BigQuery also supports updates or deletions as long as you select to use Standard SQL. There is also a Legacy SQL option for BigQuery that is far more limiting and less familiar for the general user. This recent change allows analysts and engineers the ability to write several DML statements that weren’t possible under the Legacy SQL option.
In addition to adding standard deletes and updates, BigQuery’s Standard SQL also provides developers the ability to use the MERGE clause. So instead of needing to have a staging table and several complex steps like redshift. BigQuery users can write a statement that can combine INSERT, UPDATE, and DELETE operations into a single statement and perform the operations atomically based on a set of conditions.
Nearline storage is supported by BigQuery as it allows you to offload some of your less critical data to a slower, cheaper storage.
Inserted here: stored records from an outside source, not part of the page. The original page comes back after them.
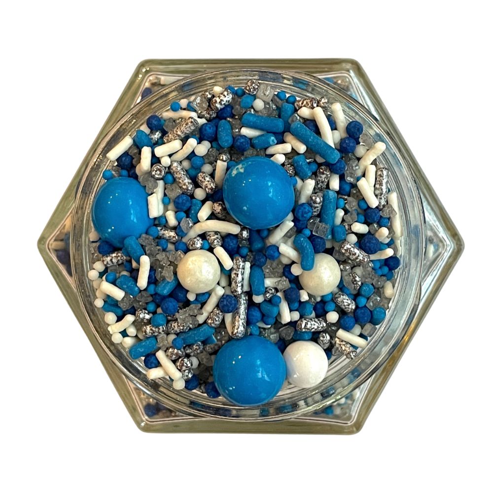 Gneiss Spice Sprinkles — All-Natural Holiday "Snow Fall" Hannukah: a hexagonal glass jar with blue and white rods, round balls, and snowflake shapes, seen from above on a white background.
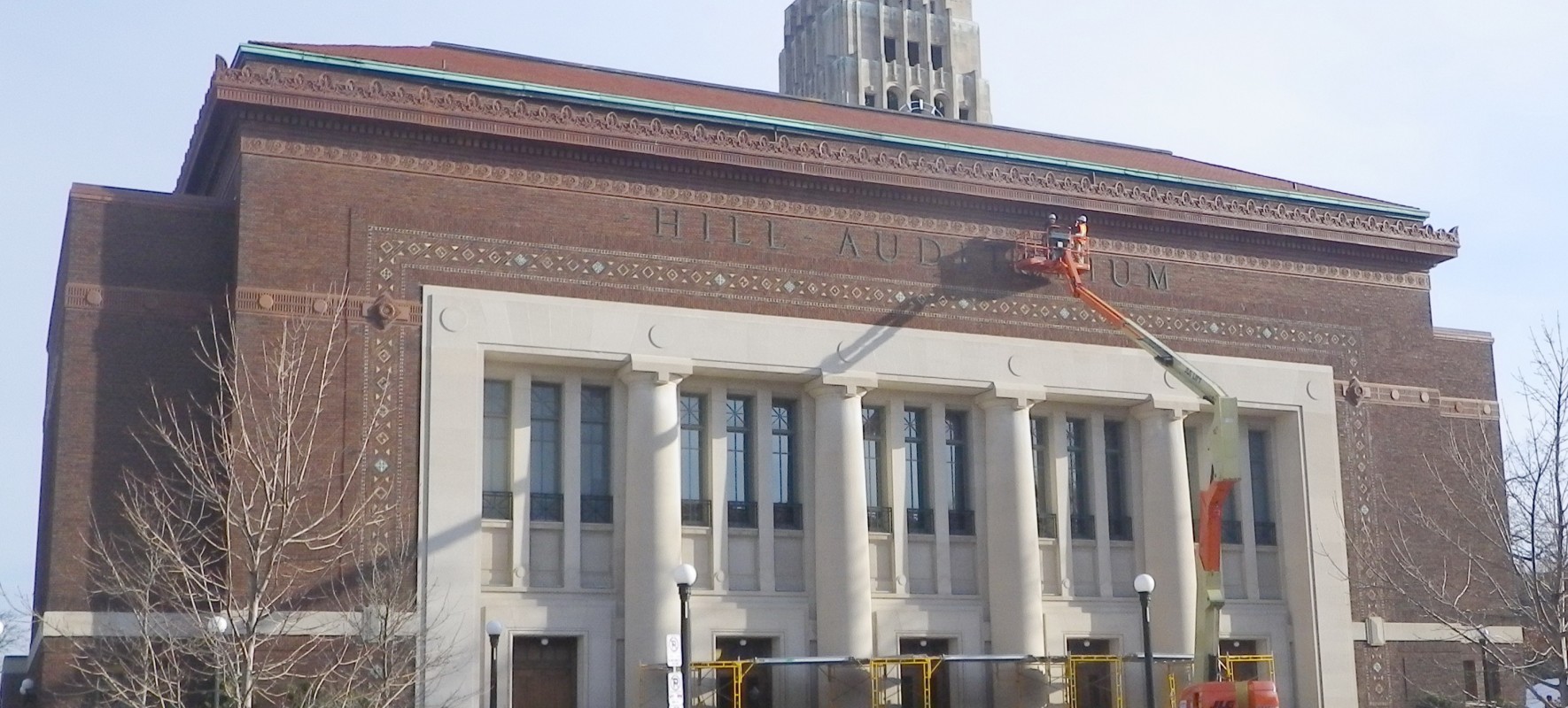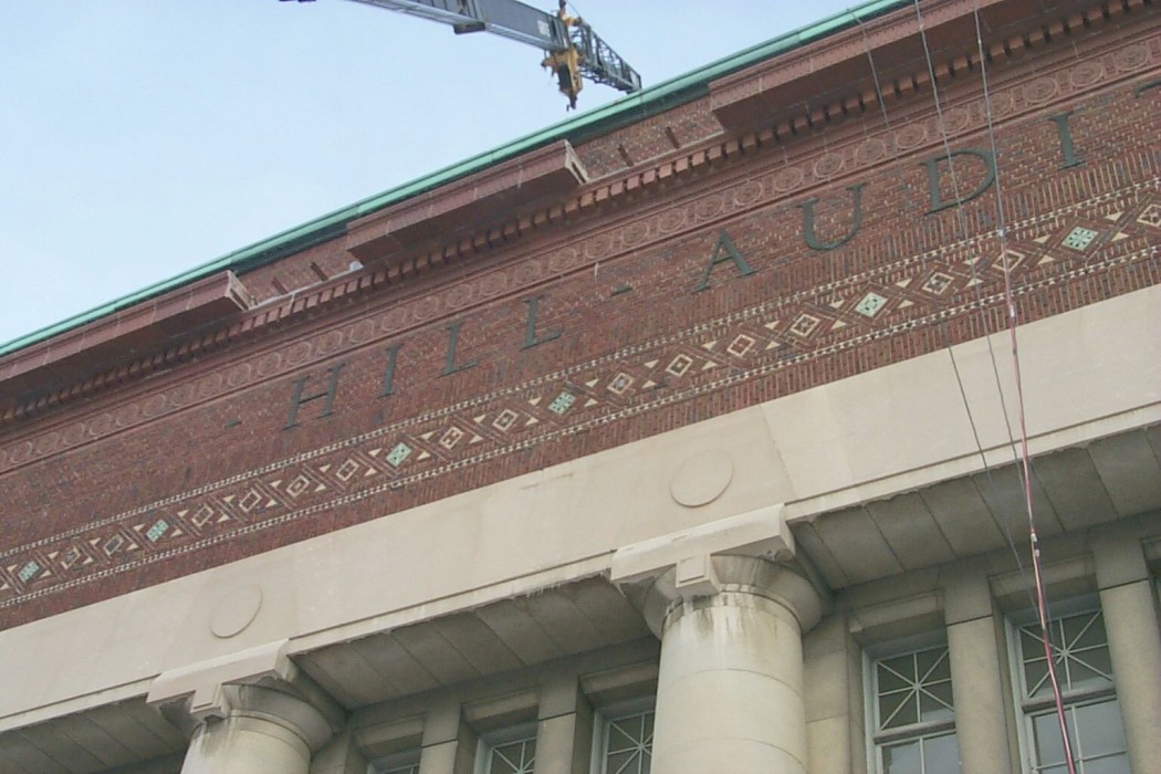 First opening its doors in 1913 and originally designed by Albert Kahn, Hill Auditorium is rectangular in plan with approximate overall measurements of 143 feet in the east-west direction by 119 feet in the north-south direction. The 17-inch thick exterior walls primarily consist of multi-wythe clay brick masonry with various accent features of limestone and terra cotta. One predominant feature located approximately 165 feet above grade is the ornate, multi-coursed, cantilevered, terra cotta cornice assembly.
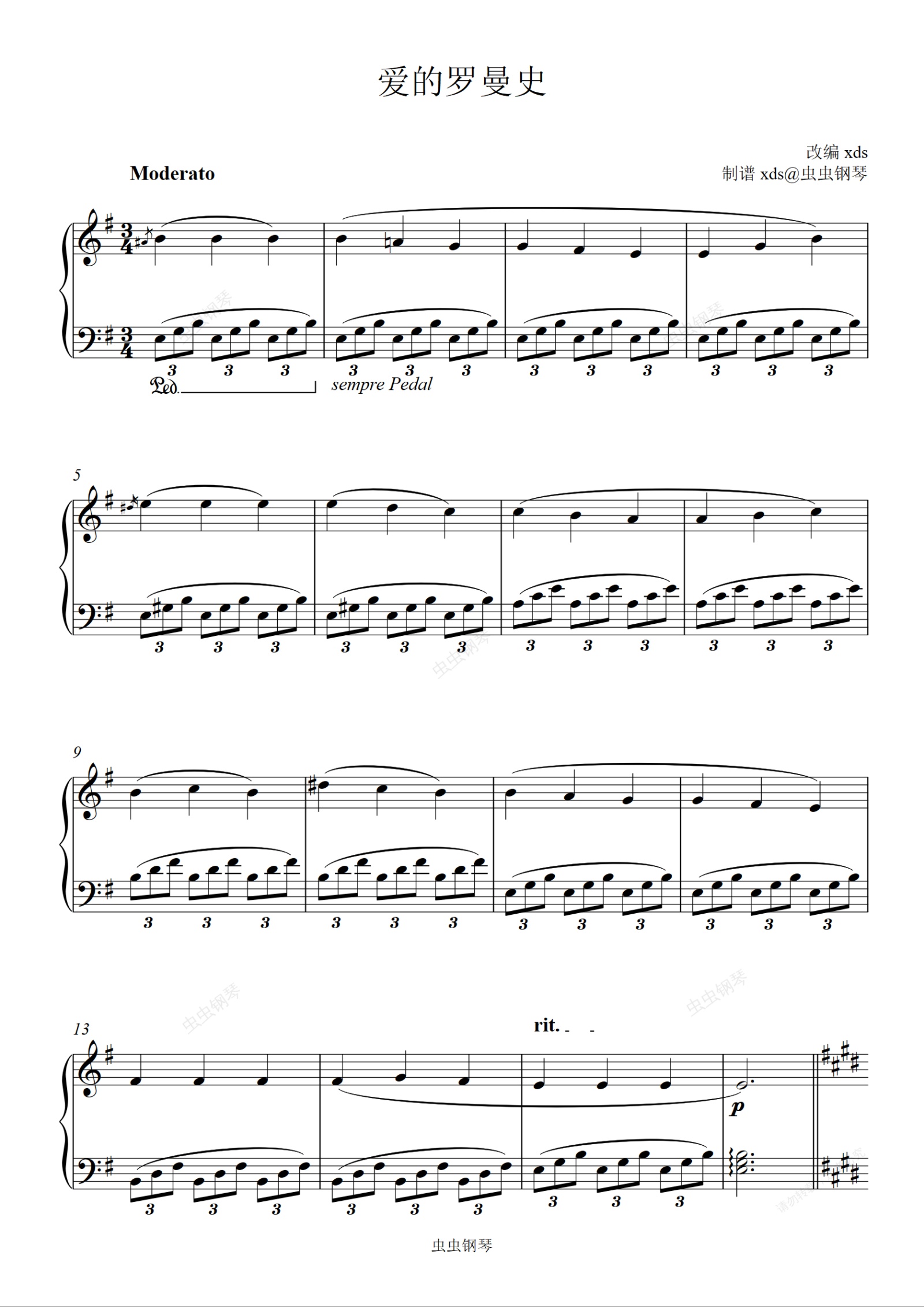 A段主题e小调,由一个主和弦开始,下行音阶式的旋律缓缓进行着情绪平静,恍如被轻风吹动的湖水,泛起阵阵涟漪,缓缓地流向远方……

Since April 2017, Redshift Spectrum allows Redshift users to query files stored in S3, enabling the separation of storage and compute.
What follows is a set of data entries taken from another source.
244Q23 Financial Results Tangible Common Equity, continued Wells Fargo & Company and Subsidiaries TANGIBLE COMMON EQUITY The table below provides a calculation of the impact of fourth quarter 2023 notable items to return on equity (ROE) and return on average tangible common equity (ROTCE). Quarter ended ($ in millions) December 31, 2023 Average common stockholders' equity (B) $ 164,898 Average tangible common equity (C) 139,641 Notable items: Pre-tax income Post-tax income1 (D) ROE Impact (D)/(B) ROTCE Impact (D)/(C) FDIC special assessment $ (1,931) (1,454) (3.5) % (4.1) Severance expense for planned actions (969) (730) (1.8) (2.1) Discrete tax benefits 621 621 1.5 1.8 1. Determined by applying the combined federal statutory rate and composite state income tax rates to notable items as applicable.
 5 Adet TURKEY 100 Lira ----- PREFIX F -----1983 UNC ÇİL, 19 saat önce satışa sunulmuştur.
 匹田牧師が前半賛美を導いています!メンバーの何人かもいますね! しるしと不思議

At Panoply, we worked around the limitation of coupled storage and compute by providing our own implementation of nearline storage for our customers.
Loading data into Redshift is a very powerful yet involved process handled by the standard COPY command. It supports a handful of formats, like CSV, JSON and AVRO, each with its own configurations like delimiters and compressions.
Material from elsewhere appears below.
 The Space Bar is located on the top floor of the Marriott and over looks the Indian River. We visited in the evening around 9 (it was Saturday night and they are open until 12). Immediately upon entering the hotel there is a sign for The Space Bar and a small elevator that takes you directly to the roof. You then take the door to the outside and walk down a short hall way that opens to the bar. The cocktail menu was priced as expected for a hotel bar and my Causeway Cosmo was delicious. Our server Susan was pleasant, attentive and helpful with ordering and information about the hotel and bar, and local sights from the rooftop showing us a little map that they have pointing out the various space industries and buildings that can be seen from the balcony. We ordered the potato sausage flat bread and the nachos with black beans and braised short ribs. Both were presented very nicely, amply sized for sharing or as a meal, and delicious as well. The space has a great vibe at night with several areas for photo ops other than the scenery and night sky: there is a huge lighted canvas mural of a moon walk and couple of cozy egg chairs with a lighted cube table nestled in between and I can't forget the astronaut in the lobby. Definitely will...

On the other hand, loading data to BigQuery is simpler, yet somewhat more limited. For example, it can only be done via the web UI or API, but not with standard SQL.
The ecosystem for both Redshift and BigQuery is pretty big. Google promotes the latter aggressively so there are many tools and communities out there to help out with pretty much everything.
But for us Redshift’s ecosystem is bigger and stronger. First, AWS is the world’s leading cloud provider, by far, and Redshift is one of their fastest growing products. Second, as we’re already well versed in the AWS ecosystem, and use it for everything else, Redshift fits in perfectly with the other tools we use, like Kinesis. Third, Redshift is built on top of Postgres, which has a huge community and set of tools, like pgbouncer, which we use extensively.
Recap: Redshift vs. BigQuery
BigQuery is an awesome database, and much of what we do at Panoply is inspired by it. We’re working hard to make our platform as easy, simple and fun to use as BigQuery. Simplicity is one of most important aspects of a product, and BigQuery is way ahead on that front.
Inspiring as BigQuery and Google in general may be, practically across the board we found Redshift to be superior. It provides significantly better usability, performance, and cost for the majority of analytical use-cases, especially at scale.
The only critical apparent drawback of Redshift is its relative complexity as it requires constant low-level tuning of the virtualized hardware and database configurations. This apparent complexity is double edged as it can be seen as greater flexibility that allows us to fine-tune Redshift to our specific needs which will result in an even greater advantage in performance and cost.
Panoply’s purpose is to abstract away all of these complexities into a single click without compromising on functionality. So when we set out to develop our platform it was easy to justify the tradeoff of simplicity for functionality and focus on elevating Redshift to the same level of simplicity as BigQuery, and then take it way beyond.